Кочевник улепётывал, нещадно стегая коня, прижавшись к его шее. Прикрыли отход, называется. От злости за свою беспечность я расстрелял всадника вместе с лошадью, нажимая на спусковой крючок до тех пор, пока не закончился магазин.
— Ты как? — Спросил у сидевшего на снегу Ратибора.
— Всё хорошо Алексий, жить буду, — старый воин выдернул древко из жилета, оставив наконечник внутри, — ловко степняк меня. Да только на всякого ловкача…
Пахом Ильич уже заканчивал выставлять ровные ряды деревянных кукол. Четыре линии странных воинов перегораживали всю реку, как раз возле нашей крепости. Но это было не всё. Перед строем и на флангах застыли вмёрзшие в лёд заострённые колья.
— Чудны дела твои Господи. Это ж надо такое удумать, ну прям как живые. — Ильич перекрестился, поправил флажок на деревяшке, прибитой гвоздями к спине крайней куклы.
— Идут! Наши идут, Пахом Ильич. Лошадей целый табун. — Прокричал часовой с вышки.
— Итить… Кирьян, живо к ним дуй, проход меж шипов укажи, да и место где лёд цельный, а то провалятся, суши их потом.

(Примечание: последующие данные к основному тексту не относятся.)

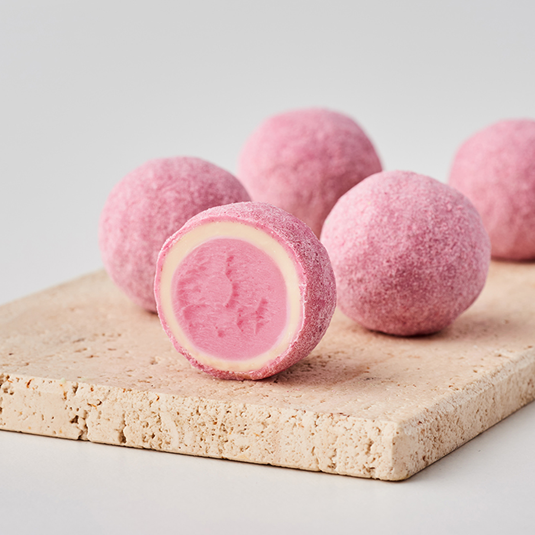 Fruity, fresh, and delicately tart: The Raspberry Fizz Truffles combine a light ganache with intense raspberry puree, enveloped in white chocolate and pink popping candy. A lively truffle that perfectly balances fruit and chocolate.
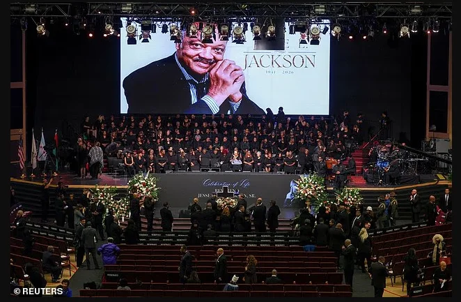 葬礼当天,芝加哥南区的教堂外排起长队,许多民众来到现场送别这位民权运动象征人物。教堂外的大屏幕播放着杰克逊历史性的演讲片段。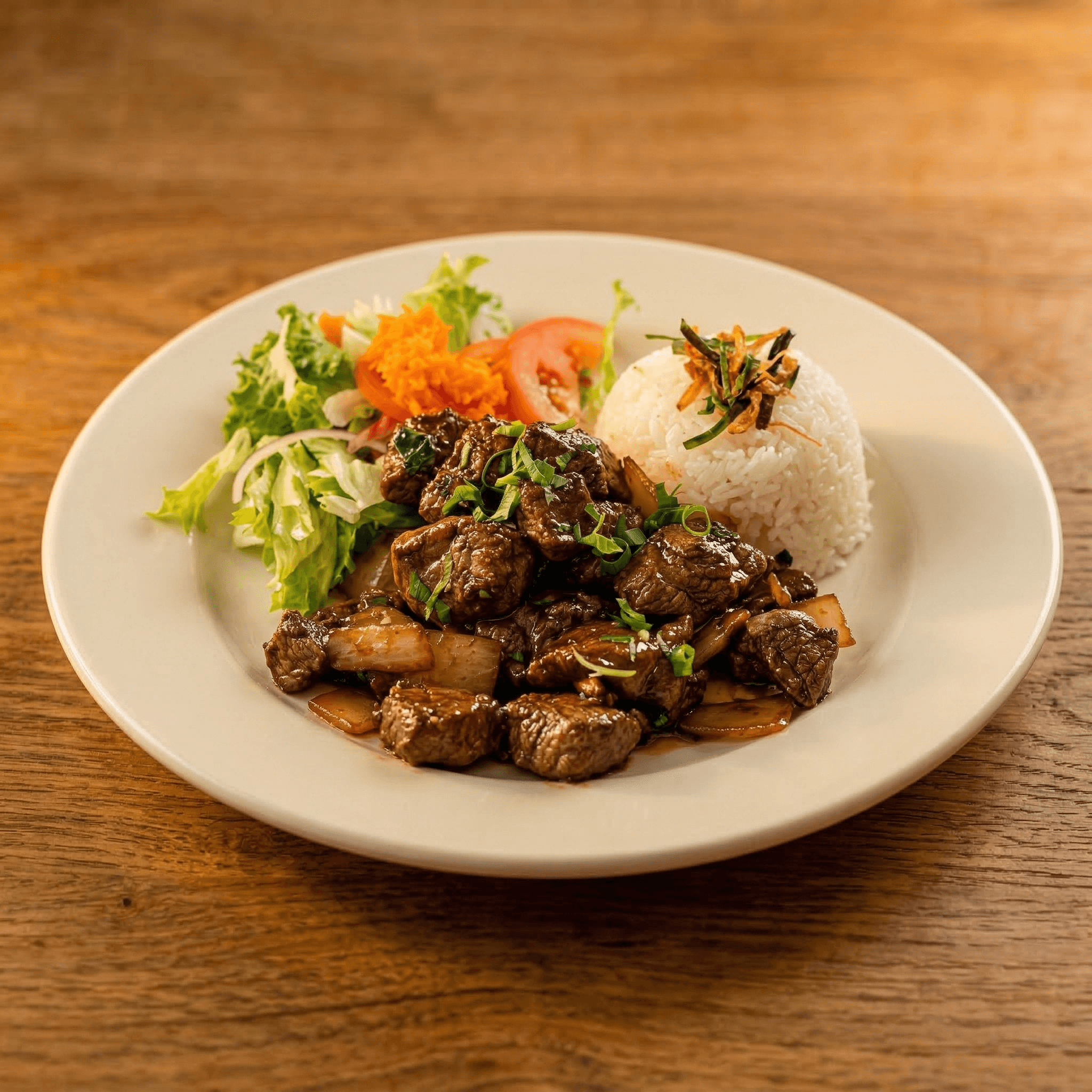 Cubes of tenderloin steak seared with garlic & butter sauce. Served beside a bed of salad with our carrot ginger dressing or steamed veggie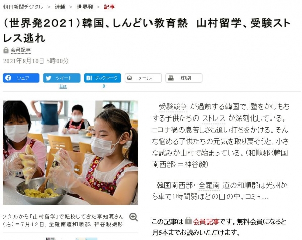 일본의 유력 일간지인 아사히 신문은 지난 8월 10일자 신문에서 ‘한국의 교육열’이라는 제목의 특집기사를 통해 전남농산어촌 유학프로그램을 소개했다.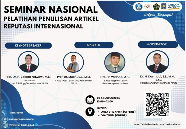 Pada tanggal 02 Agustus 2024, STIE APRIN menyelenggarakan Acara Seminar Nasional Pelatihan Penulisan Artikel Reputasi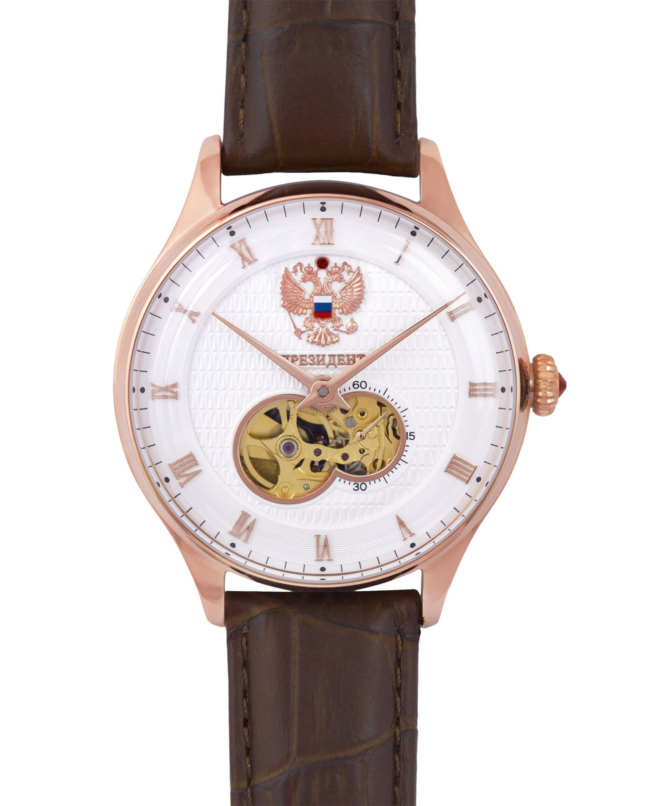 Мужские часы из коллекции «Президент» — это классический аксессуар, сочетающий в себе элегантность и надёжность. Модель выполнена в круглой форме с корпусом диаметром 42,5 мм и толщиной 16,3 мм, защищённым минеральным стекломМинеральное стеклоМинеральное стекло представляет собой искусственно выращенный минерал кварца. Такое стекло отличается особой устойчивостью к повреждениям и царапинам. Уступает по некоторым качествам сапфировому стеклу., устойчивым к мелким повреждениям. Браслет коричневого цвета изготовлен из натуральной кожи и дополнен стандартной застёжкой, что делает его удобным и практичным для повседневного использования. Часы оснащены механизмом с автоподзаводом, обеспечивающим точность хода и минимальное обслуживание. Прозрачная задняя крышка украшена изображением Герба России, что подчёркивает национальную принадлежность и уникальность модели. Водонепроницаемость позволяет использовать модель в повседневных условиях — при мытье рук или под лёгким дождём. Эти часы станут универсальным аксессуаром для тех, кто ценит сочетание стиля, качества и символики — идеальный выбор для уверенных в себе мужчин, следящих за своим имиджем и предпочитающих выделяться.

Флажок снова оторвался, и повис, как и раньше, купец бросил взгляд на творение своих рук, сплюнул и побежал догонять Кирьяна, пытаясь не распластаться на льду. Пахом всматривался в лица и в уме уже несколько раз пересчитал всех диверсантов, ушедших со мной рано утром. Все живы, никто не ранен, зато добра приволокли, аж завидно немного стало.
— Пахом Ильич, подсоби, очень прошу. Надо лошадок в крепость загнать. — Сказал, поравнявшись с Новгородцем.
— Это мы счас, не беспокойся Лексей. Эй, Сёма, — Ильич крикнул в сторону крепости, — зови всех, да ворота поширше раскрой.
Звать никого не надо было, едва створки распахнулись, как раздался очень приятный звук свирели, с какой-то невероятной частотой. Дудочка играла негромко, но звуковые волны пробирали, до кости. Лошадки остановились, и как пьяные, покачиваясь, гуськом одна за другой направились в сторону звука. Вот и не верь потом в сказки, о Нильсе и крысах, добровольно сиганувших в озеро. Новгородская команда замерла от увиденного чуда.
— Так вот как они коней крадут. — Кирьян попробовал почесать затылок, но в каске с бармицей это было делать неудобно.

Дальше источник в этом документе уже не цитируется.